■ 概念
消導化滞とは、飲食の停滞や消化機能の失調によって生じた食積・食滞を消し、胃腸の働きを回復させる治法です。
食積や誤飲・暴飲暴食、油膩(脂っこいもの)や甘味の過食により中焦が阻滞すると、脘腹膨満、噯気、嘔吐、便秘、口臭などが現れます。
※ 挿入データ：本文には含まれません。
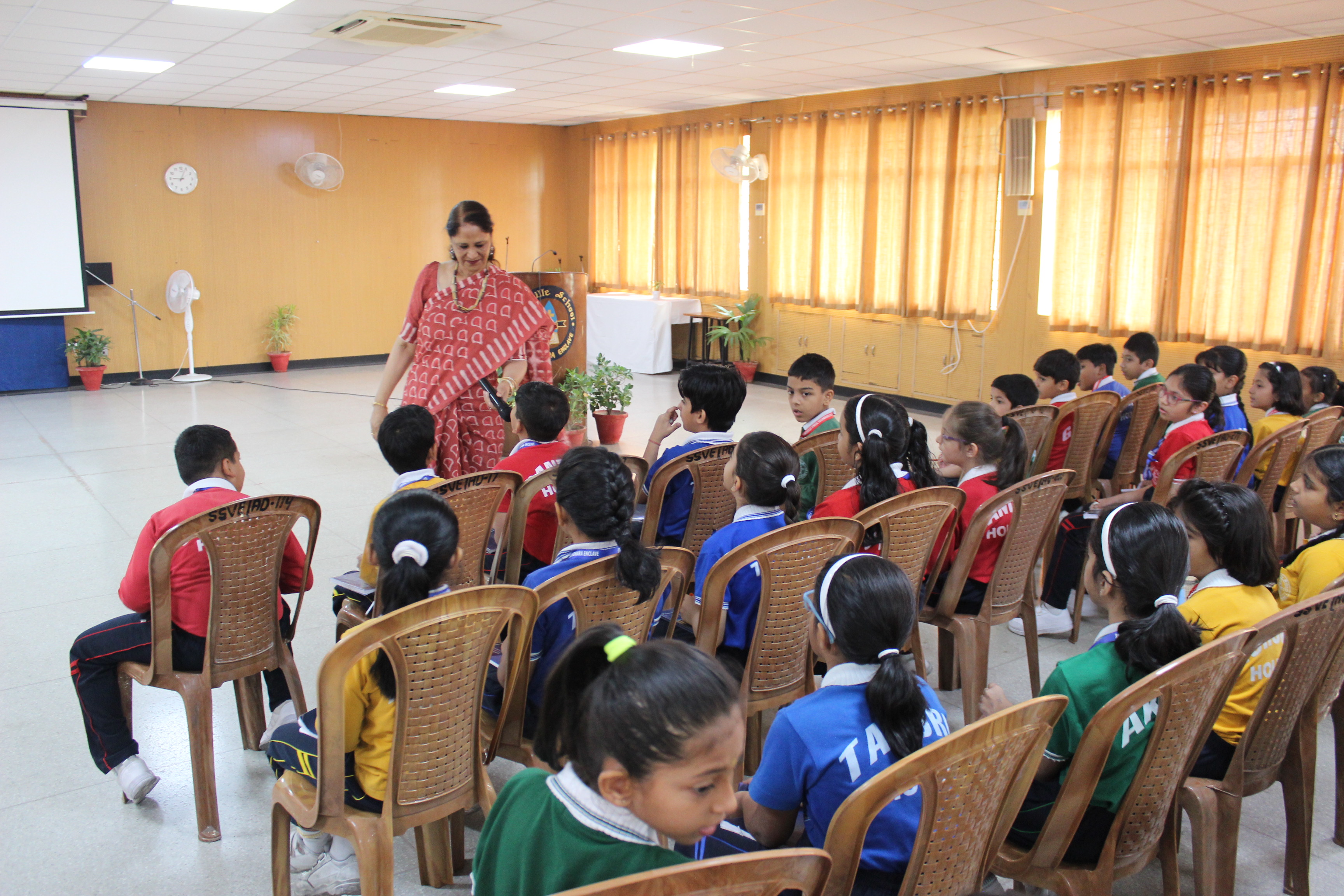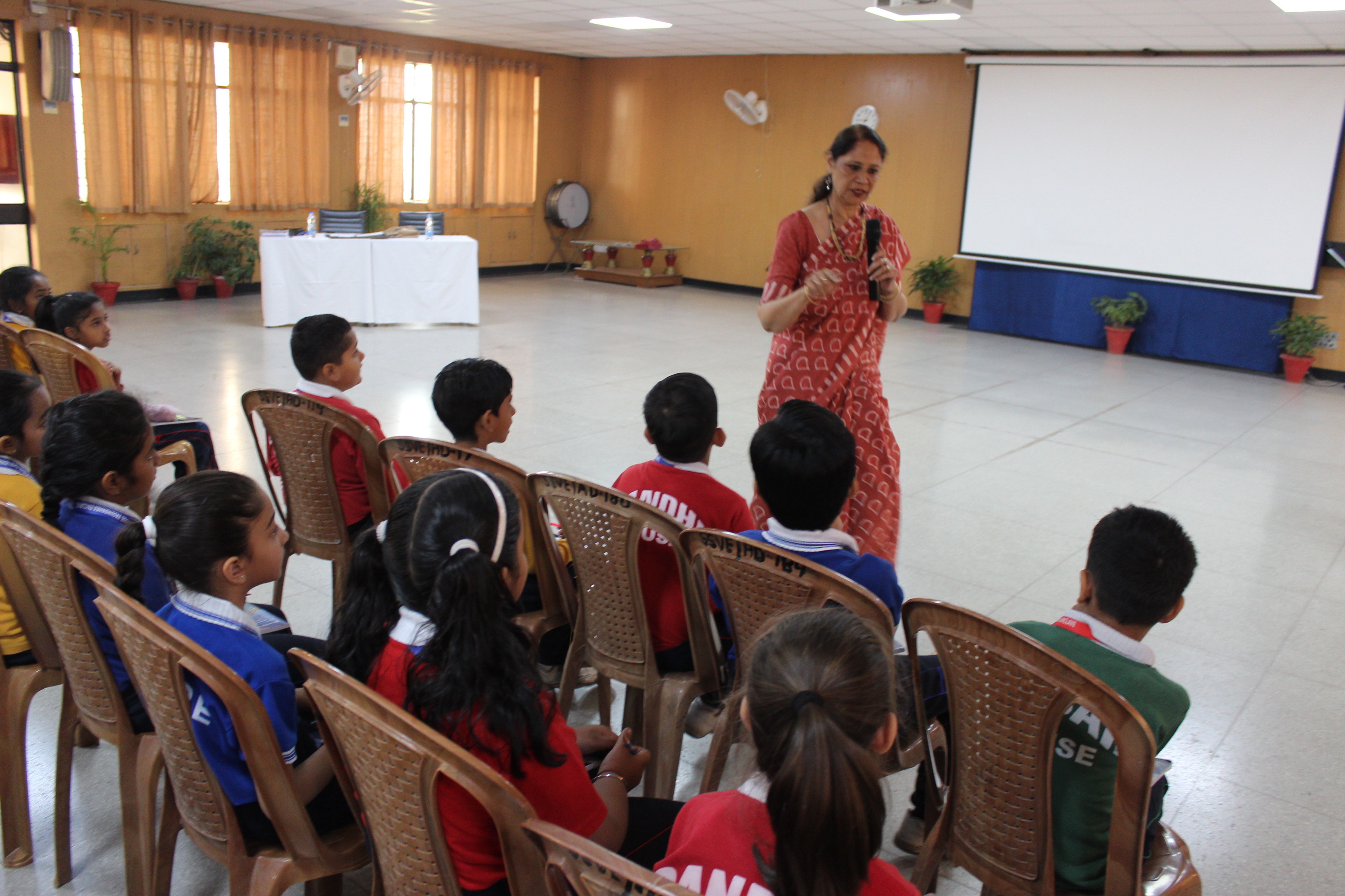 students of Classes IV and V. She had an interactive session with the students wherein she

本治法は、停滞した飲食物を消化・分解し、脾胃の運化機能を回復させることを目的とします。
■ 目的
- 飲食停滞・食積の排除と消化改善
- 脘腹の膨満感・積滞感の解消
- 胃腸の運化機能(消化吸収)の調整
- 胃気の昇降回復による嘔吐・噯気の改善
- 糞便通行改善による排便促進
■ 適応
- 食欲不振または食後の胃部不快感
- 脘腹膨満・胃痛(食積型)
- げっぷ、口臭、酸っぱい逆流(呑酸)
- 嘔吐・下痢または便秘(食積による)
- 積滞性小児消化不良
■ 使用される代表的な薬物
- 神麹(しんきく)
- 麦芽(ばくが)
- 山楂子(さんざし)
- 莱菔子(らいふくし)
- 陳皮(ちんぴ)
- 枳実・枳殻(きじつ・きこく)
- 半夏(はんげ)
■ 備考
消導化滞は主に実証に用いられ、特に食滞が明確な場合に効果を発揮します。
証に応じて、理気・化痰・健脾・清熱・止嘔・瀉下などの治法と併用する場合があります。
小児に多く用いられますが、虚弱体質の場合は補益治法との併用が重要です。